> Stored data
**********

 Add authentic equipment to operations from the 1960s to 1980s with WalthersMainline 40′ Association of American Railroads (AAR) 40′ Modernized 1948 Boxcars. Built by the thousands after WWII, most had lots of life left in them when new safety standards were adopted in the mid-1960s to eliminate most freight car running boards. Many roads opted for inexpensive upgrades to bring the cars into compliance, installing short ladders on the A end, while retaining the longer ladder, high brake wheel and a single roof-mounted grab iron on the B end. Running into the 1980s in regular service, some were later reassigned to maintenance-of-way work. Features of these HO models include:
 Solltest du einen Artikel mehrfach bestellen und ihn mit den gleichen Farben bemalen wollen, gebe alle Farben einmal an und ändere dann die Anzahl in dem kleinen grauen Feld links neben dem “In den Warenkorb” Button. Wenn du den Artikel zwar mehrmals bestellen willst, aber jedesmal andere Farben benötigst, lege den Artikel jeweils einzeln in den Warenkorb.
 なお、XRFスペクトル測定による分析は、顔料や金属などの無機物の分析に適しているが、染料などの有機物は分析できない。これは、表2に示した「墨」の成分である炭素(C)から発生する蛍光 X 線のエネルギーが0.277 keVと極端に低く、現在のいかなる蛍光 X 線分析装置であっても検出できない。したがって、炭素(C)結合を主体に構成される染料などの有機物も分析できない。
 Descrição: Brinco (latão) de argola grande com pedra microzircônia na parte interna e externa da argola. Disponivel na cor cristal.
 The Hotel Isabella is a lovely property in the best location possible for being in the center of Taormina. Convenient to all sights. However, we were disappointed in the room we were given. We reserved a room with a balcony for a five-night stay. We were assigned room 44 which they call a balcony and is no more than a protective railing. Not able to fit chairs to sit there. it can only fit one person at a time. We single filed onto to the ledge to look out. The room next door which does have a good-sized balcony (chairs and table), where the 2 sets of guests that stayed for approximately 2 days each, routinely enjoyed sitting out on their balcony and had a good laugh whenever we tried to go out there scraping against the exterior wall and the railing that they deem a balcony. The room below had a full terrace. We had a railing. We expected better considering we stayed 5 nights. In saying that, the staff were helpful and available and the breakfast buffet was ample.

**********

> Activity
Copy, exactly and only, the lines above that begin with the one containing "X 線のエネルギーが0.277 keVと極端に低く、現在のいかなる蛍光" and finish with the one containing "Descrição: Brinco (latão)".

> Exercise output
 なお、XRFスペクトル測定による分析は、顔料や金属などの無機物の分析に適しているが、染料などの有機物は分析できない。これは、表2に示した「墨」の成分である炭素(C)から発生する蛍光 X 線のエネルギーが0.277 keVと極端に低く、現在のいかなる蛍光 X 線分析装置であっても検出できない。したがって、炭素(C)結合を主体に構成される染料などの有機物も分析できない。
 Descrição: Brinco (latão) de argola grande com pedra microzircônia na parte interna e externa da argola. Disponivel na cor cristal.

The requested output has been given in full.